■ **EXERCISE GOAL**
Once the images are removed, repeat all of the entries exactly.

━━━━━ RECORDS ━━━━━

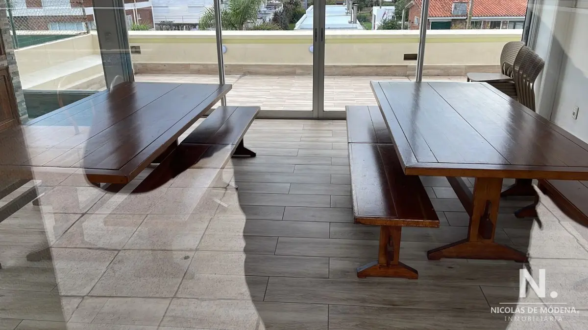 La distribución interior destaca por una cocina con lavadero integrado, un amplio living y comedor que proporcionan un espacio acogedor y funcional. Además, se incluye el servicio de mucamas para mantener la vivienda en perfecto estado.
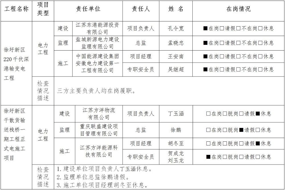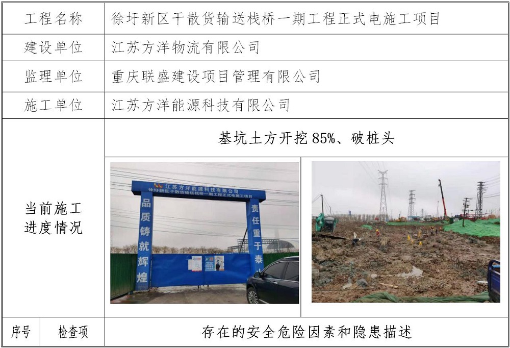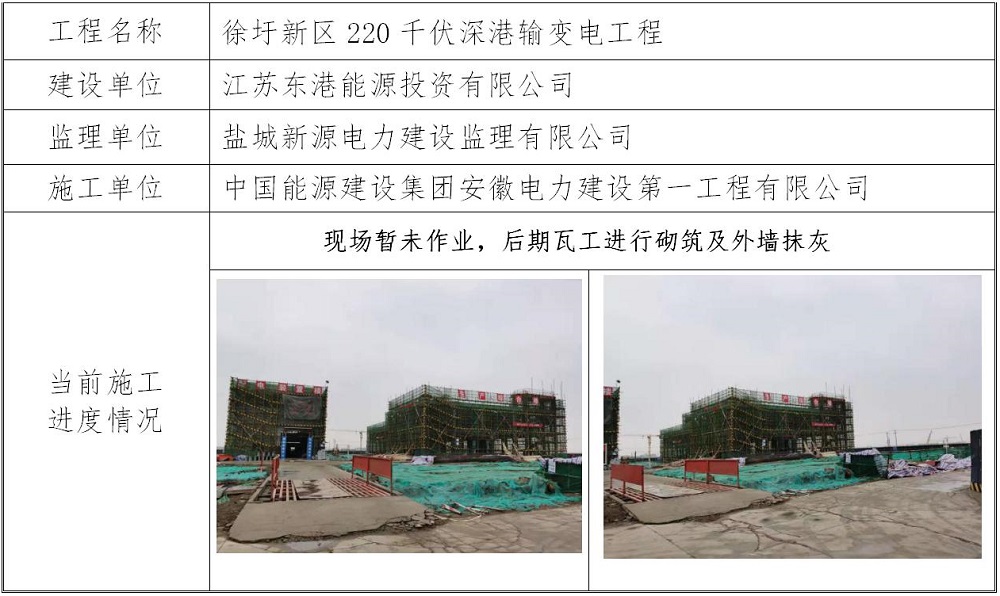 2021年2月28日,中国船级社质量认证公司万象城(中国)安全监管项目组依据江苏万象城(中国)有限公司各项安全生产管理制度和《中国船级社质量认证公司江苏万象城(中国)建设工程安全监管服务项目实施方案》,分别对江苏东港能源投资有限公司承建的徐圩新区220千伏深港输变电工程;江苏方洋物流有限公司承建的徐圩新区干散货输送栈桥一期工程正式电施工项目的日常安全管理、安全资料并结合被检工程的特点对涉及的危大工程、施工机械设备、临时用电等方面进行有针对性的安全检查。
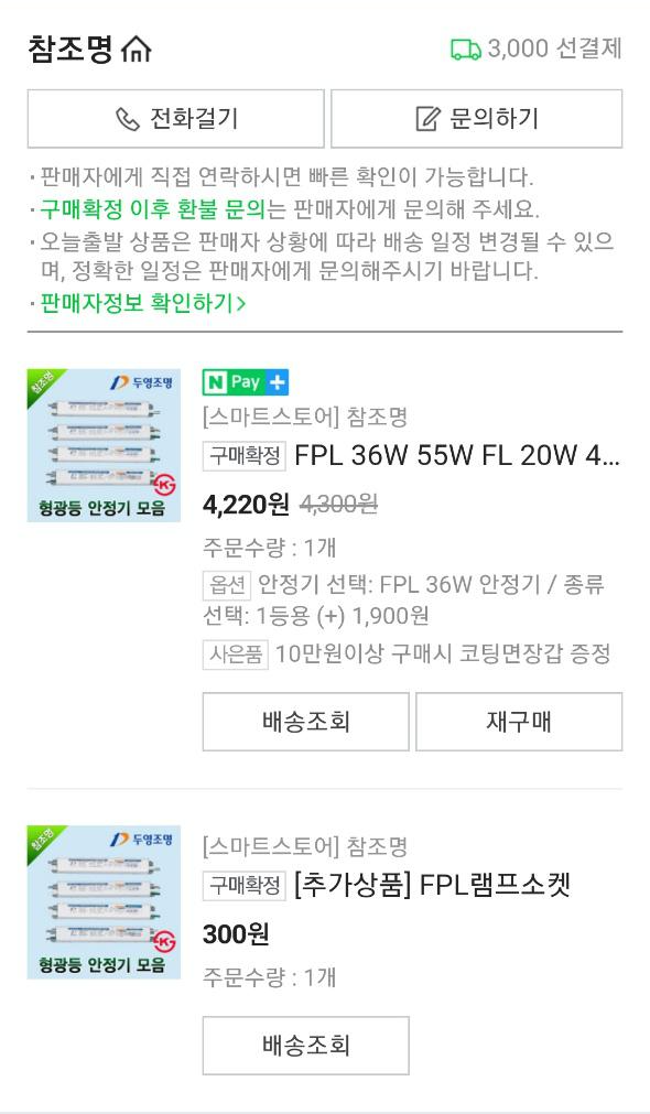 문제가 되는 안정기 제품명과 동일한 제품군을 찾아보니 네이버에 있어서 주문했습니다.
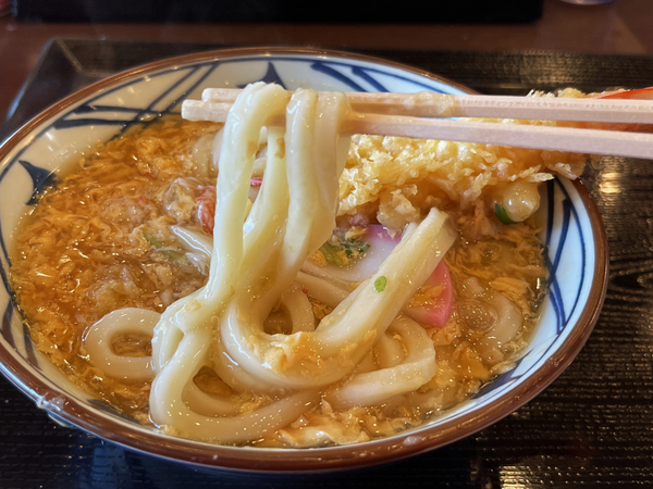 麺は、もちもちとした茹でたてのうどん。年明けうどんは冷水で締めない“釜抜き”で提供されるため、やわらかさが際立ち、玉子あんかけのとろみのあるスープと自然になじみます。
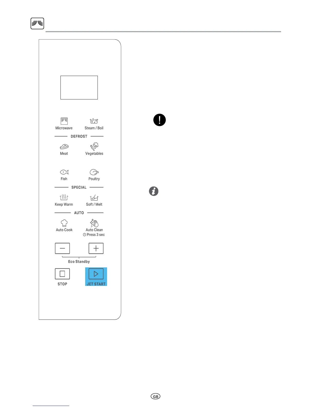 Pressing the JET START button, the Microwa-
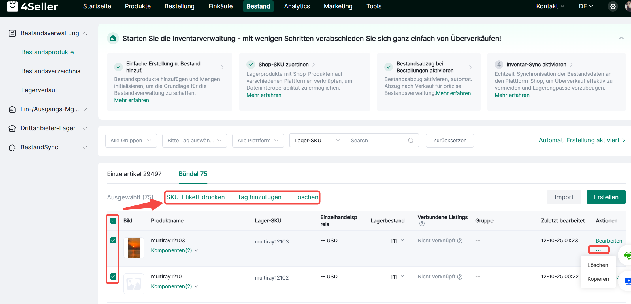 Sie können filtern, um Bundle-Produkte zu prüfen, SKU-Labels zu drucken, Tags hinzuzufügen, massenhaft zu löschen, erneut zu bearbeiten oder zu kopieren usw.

━━━━━

■ **ANSWER TO THIS PROBLEM**
 La distribución interior destaca por una cocina con lavadero integrado, un amplio living y comedor que proporcionan un espacio acogedor y funcional. Además, se incluye el servicio de mucamas para mantener la vivienda en perfecto estado.
 2021年2月28日,中国船级社质量认证公司万象城(中国)安全监管项目组依据江苏万象城(中国)有限公司各项安全生产管理制度和《中国船级社质量认证公司江苏万象城(中国)建设工程安全监管服务项目实施方案》,分别对江苏东港能源投资有限公司承建的徐圩新区220千伏深港输变电工程;江苏方洋物流有限公司承建的徐圩新区干散货输送栈桥一期工程正式电施工项目的日常安全管理、安全资料并结合被检工程的特点对涉及的危大工程、施工机械设备、临时用电等方面进行有针对性的安全检查。
 문제가 되는 안정기 제품명과 동일한 제품군을 찾아보니 네이버에 있어서 주문했습니다.
 麺は、もちもちとした茹でたてのうどん。年明けうどんは冷水で締めない“釜抜き”で提供されるため、やわらかさが際立ち、玉子あんかけのとろみのあるスープと自然になじみます。
 Pressing the JET START button, the Microwa-
 Sie können filtern, um Bundle-Produkte zu prüfen, SKU-Labels zu drucken, Tags hinzuzufügen, massenhaft zu löschen, erneut zu bearbeiten oder zu kopieren usw.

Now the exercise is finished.